The memory 102 is a non-transitory computer readable storage medium, and can be used to store non-transitory software programs, non-transitory computer executable programs, and modules, such as program instructions/modules corresponding to the control method of image acquisition in the embodiments of the present application (for example, the acquisition module 11, the transmission module 12, the reception module 13, and the processing module 14 shown in fig. 8 and 9). The processor 101 executes various functional applications of the server and data processing by running non-transitory software programs, instructions, and modules stored in the memory 102, that is, implements the control method of image acquisition in the above method embodiments.

The memory 102 may include a storage program area and a storage data area, wherein the storage program area may store an operating system, an application program required for at least one function; the storage data area may store data created according to use of the electronic device, and the like. Further, the memory 102 may include high speed random access memory, and may also include non-transitory memory, such as at least one magnetic disk storage device, flash memory device, or other non-transitory solid state storage device. In some embodiments, memory 102 may optionally include memory located remotely from processor 101, which may be connected to an electronic device via a network. Examples of such networks include, but are not limited to, the internet, intranets, local area networks, mobile communication networks, and combinations thereof.

The electronic device of the control method of image acquisition may further include: an input device 103 and an output device 104. The processor 101, the memory 102, the input device 103, and the output device 104 may be connected by a bus or other means, and the bus connection is exemplified in fig. 10.
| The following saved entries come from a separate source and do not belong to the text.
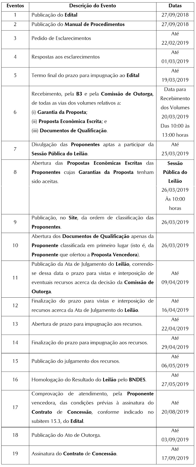 A definição de novos dias para esses eventos importa, por consequência, na necessidade de alterar as demais datas estipuladas no item 12.1 do Edital do Leilão n.º 3/2018-PPI/PND, o qual passa a vigorar nos seguintes termos: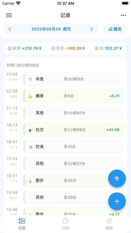 时间就是金钱。每一次记录时间都会和你的填写的收入挂钩,会根据记录的时间性质和时间长短增加或消耗。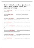Basic Nutrition Review Exam Questions with 100% Correct Answers | Verified 2026 | ASSURED SUCCESS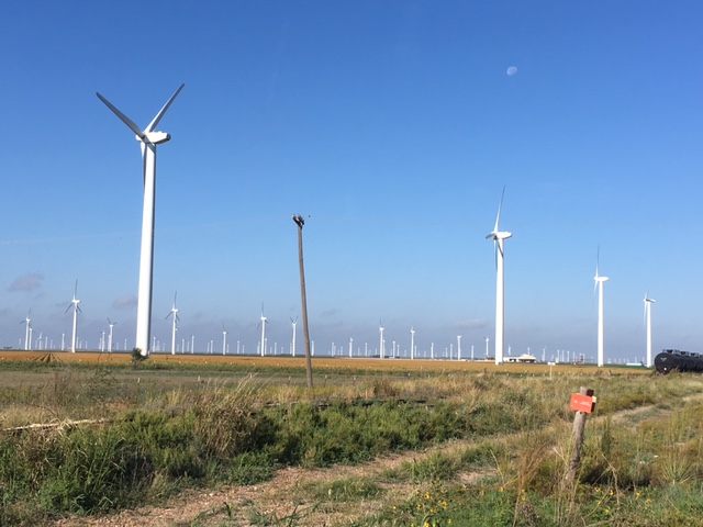 Flying with the wind! I pedaled through the largest wind turbine farm of my trip today, hundreds of turbines north of Roscoe spread out for more than ten miles. While they generated energy, I made time. A mid-morning wind shift that gave me a tail boost all day; I arrived in Abilene by 2:30 p.m.

The input device 103 may receive input numeric or character information and generate key signal inputs related to user settings and function control of the electronic apparatus of the control method of image capture, such as a touch screen, a keypad, a mouse, a track pad, a touch pad, a pointing stick, one or more mouse buttons, a track ball, a joystick, or other input devices. The output devices 104 may include a display device, auxiliary lighting devices (e.g., LEDs), and haptic feedback devices (e.g., vibrating motors), among others. The display device may include, but is not limited to, a Liquid Crystal Display (LCD), a Light Emitting Diode (LED) display, and a plasma display. In some implementations, the display device can be a touch screen.

Various implementations of the systems and techniques described here can be realized in digital electronic circuitry, integrated circuitry, application specific ASICs (application specific integrated circuits), computer hardware, firmware, software, and/or combinations thereof. These various embodiments may include: implemented in one or more computer programs that are executable and/or interpretable on a programmable system including at least one programmable processor, which may be special or general purpose, receiving data and instructions from, and transmitting data and instructions to, a storage system, at least one input device, and at least one output device.

These computer programs (also known as programs, software applications, or code) include machine instructions for a programmable processor, and may be implemented using high-level procedural and/or object-oriented programming languages, and/or assembly/machine languages. As used herein, the terms "machine-readable medium" and "computer-readable medium" refer to any computer program product, apparatus, and/or device (e.g., magnetic discs, optical disks, memory, Programmable Logic Devices (PLDs)) used to provide machine instructions and/or data to a programmable processor, including a machine-readable medium that receives machine instructions as a machine-readable signal. The term "machine-readable signal" refers to any signal used to provide machine instructions and/or data to a programmable processor.

To provide for interaction with a user, the systems and techniques described here can be implemented on a computer having: a display device (e.g., a CRT (cathode ray tube) or LCD (liquid crystal display) monitor) for displaying information to a user; and a keyboard and a pointing device (e.g., a mouse or a trackball) by which a user can provide input to the computer. Other kinds of devices may also be used to provide for interaction with a user; for example, feedback provided to the user can be any form of sensory feedback (e.g., visual feedback, auditory feedback, or tactile feedback); and input from the user may be received in any form, including acoustic, speech, or tactile input.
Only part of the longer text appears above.